He's still looking at her, his face betraying nothing, and Cassie is distinctly uncomfortable with the certainty that she's going to stay like this until he's got exactly what he wants, though she has no idea what that might be. She's got no money, and she's got no tits yet (Though Eva does, and has been showing off her's to anyone who'll look. Cassie's slightly jealous but mostly glad, no tits means she isn't as interesting) and he doesn't seem like a perv, they tend to let their hands wander more. The only thing he might want is either to cause some pain, or some kind of intel. But he isn't asking the usual questions.

Suddenly she's on her feet, with one of those massive hands on her shoulder. He scoops up the wallet, and hands her a folded bill. She snatches it out of his hand before he can change his mind, sequestering it in one of her many pockets. Good, familiar ground now. "What info do you need, mister?"

"When was the last time you ate?"

He keeps going like this, asking questions about her. She ain't nobody special, but its like he's never seen a duct-rat before. They sit in a diner, with sticky red tables and an electronic sign that doesn't work, the food is greasy and grey and Cassie doesn't think she's ever been anywhere so nice. She's too hungry to maintain any suspicion when the food is set in front of her, wolfing it down. He even lets her have seconds. All the while, he asks about her, how she got so fast, and where did she learned to move in a crowd, why she marked him as a target.

She answers as best she can, mouth full and belly sore, but damn if she can't stop eating. He seems almost pleased by her answers, and she finds herself showing off a little, wanting to impress him. She tells him things the others don't know she can do, things the others don't know she knows.

"I'll be back in a year. You hang around that market place, child."

"Why?"

"I want you to tell me what you've learned. If you survive that long."

She looks at him, her eyes steady and sure, "I'll survive, mister. Always do."

He nods, slowly. Standing, he leaves another bill on the table. "It's going to rain tonight. You'd best stay out of the usual haunt in Sector H, the ducts in B are cramped, but they have nice heating near the fans and the waterproofing is better."

All she can think of as he walks off into the sunset, is that she'd never told him where the duct-rats slept.

XXXXXXXXXXXXXX

If Kaiden brings up this Cerberus shit one more time, she's refuses to be held responsible for what follows. Judging by that vein throbbing in his neck, Vega might hold him down for her.
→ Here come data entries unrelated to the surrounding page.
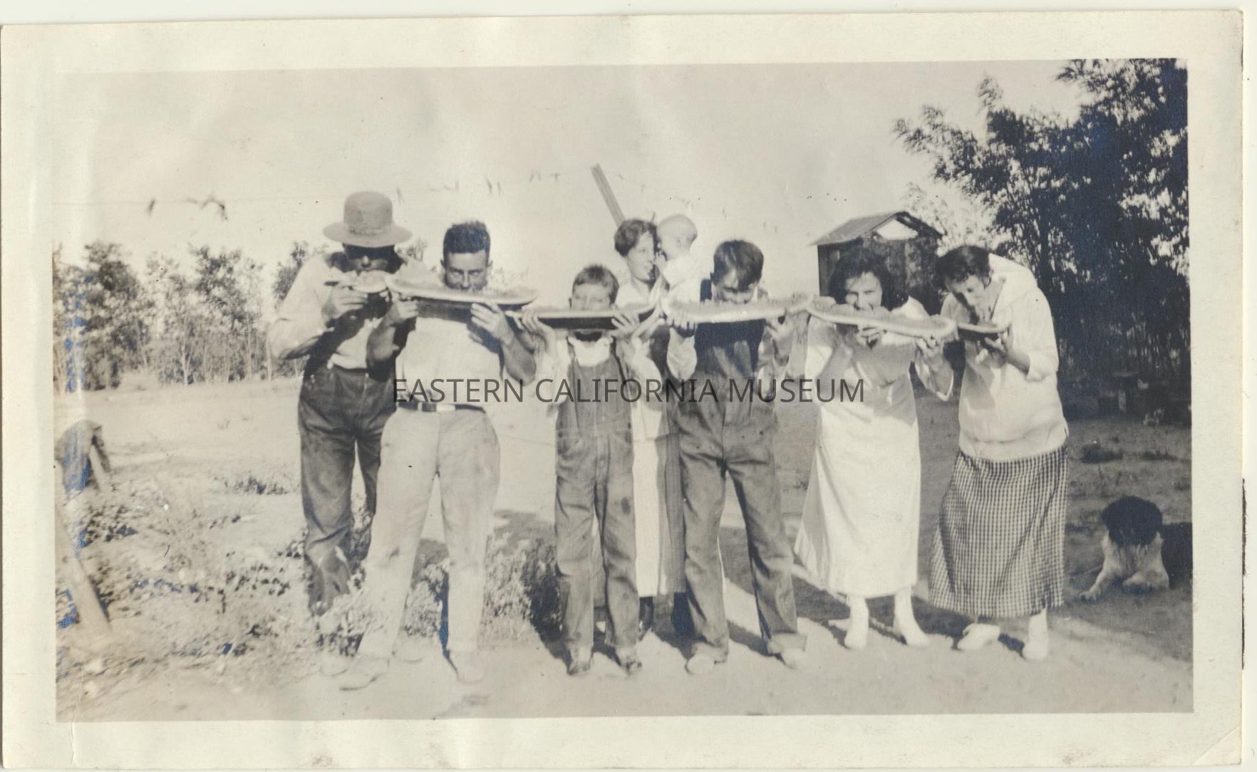 Photo of eight people, six of whom are eating huge slices of watermelon. The woman in the center is holding a baby. There is a dog in the lower right. They are identified on the reverse as: Uncle Will, Harold, Howard, Louella, Art, [illegible], mother.Collection
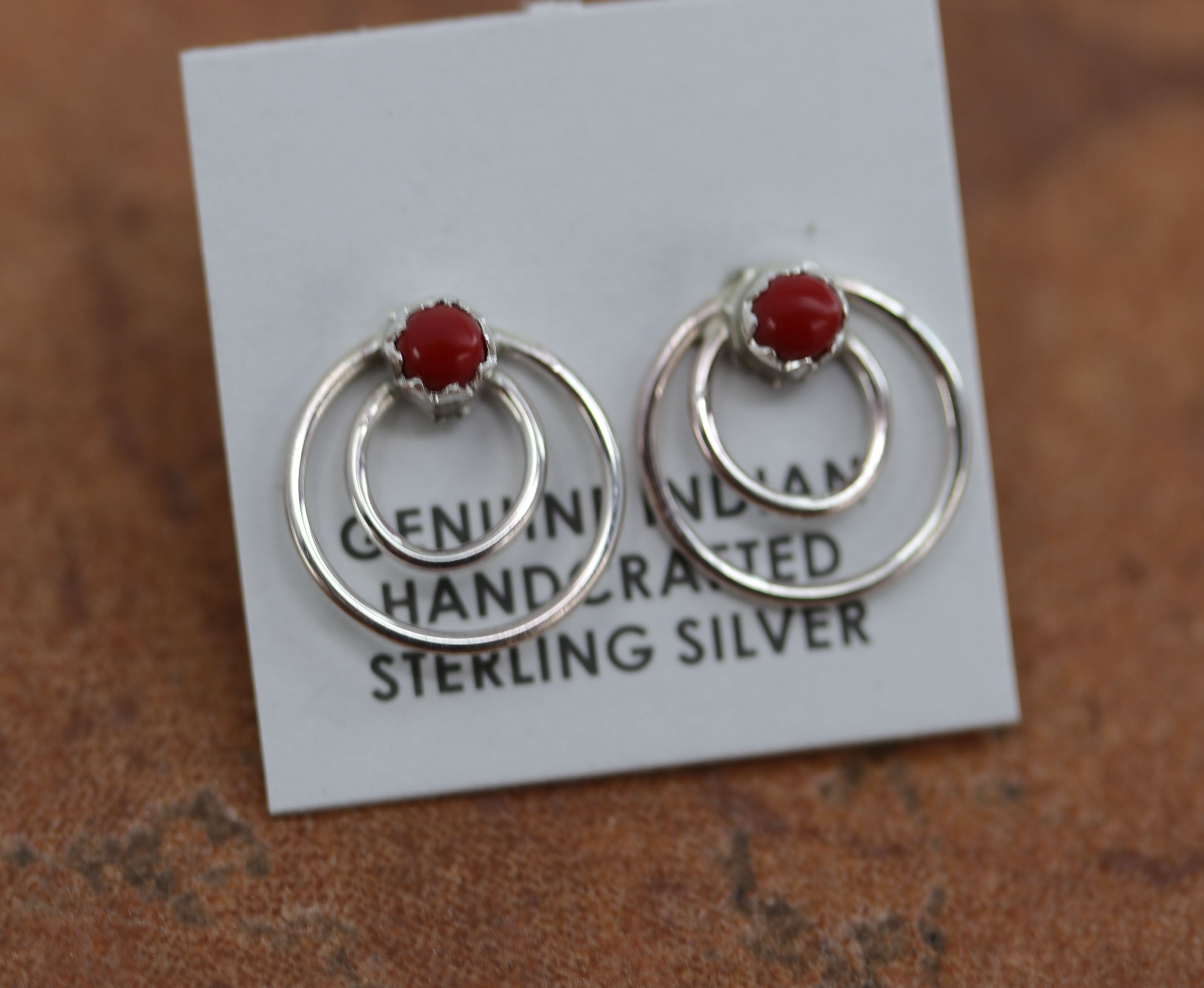 Navajo Silver Circle of Life Coral Earrings
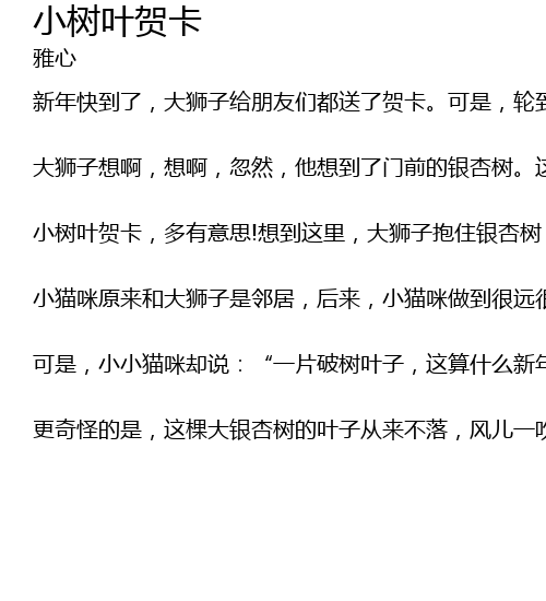 | 小树叶贺卡,多有意思!想到这里,大狮子抱住银杏树,使劲摇啊,摇啊,那片树叶就飘飘悠悠地落下来了。于是,大狮子就把这片小树叶,夹在信里寄给了小猫咪。 | |
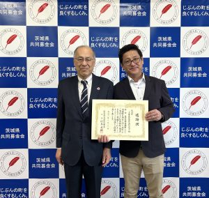 3月12日(木)セキショウ・ウェルビーイング福祉会館において募金贈呈式が行われ、同協議会宮永 栄二会長(写真右)より本会 村島 英嗣会長(写真左)へ目録が手渡されました。
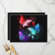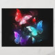 Three luminous, red, purple, green, textured, night butterflies on black luminous background.

It'd stung like a bitch on Horizon, to find the Kaiden didn't trust her, even worse that he wouldn't let her explain. She'd remembered he'd been good at giving her space to explain. He'd been prepared to follow her into hell, and damn the consequences. She didn't pay too much attention to a stray thought, that she sure was using the past tense a fair bit.

Still, Cassie didn't tend to dwell overmuch on hurt feelings, and to be fair Cerberus might have been too much to ask a man who hadn't even known she was back from the dead. But now? After the Omega 4 Relay? After the reapers were here? It wasn't even as if he was coming up with any good arguments, nothing about possible control chips and indoctrination (which, she remembered with a wince, had briefly been a very real possibility), nothing even remotely concrete about how she might be being manipulated by those who'd revived her. It would still have been easily explained – Chakwas and Mordin checked me out so thoroughly I couldn't look them in the eye for days, and technically Miranda saved me and then told the Illusive Man to go die in a hole – but at least she could understand his reservations.

Instead, she was constantly beset by accusations, barbed but toothless, that she must have been working with them, that she must still be their puppet. Like if she was really some kind of Cerberus agent, a few pointed comments were going to make her come clean? Like she was some kind of helpless child who hadn't known who she was getting into bed with, who was too stupid to understand the terrible situation she was in?

She'd tried to explain, god how she'd tried. Via extranet message, in person, on vidcom, hell she was about three tequila shots away from interpretive dance. Enough was enough. She'd felt the sting of his rejection, the loss of that blind faith in her strength and integrity. But she'd also known what it was to have someone who went in with their eyes wide open. Someone who saw all of you, good and bad, and still chose to place a trust in you that shook you to the core some days – yeah, she'd had enough.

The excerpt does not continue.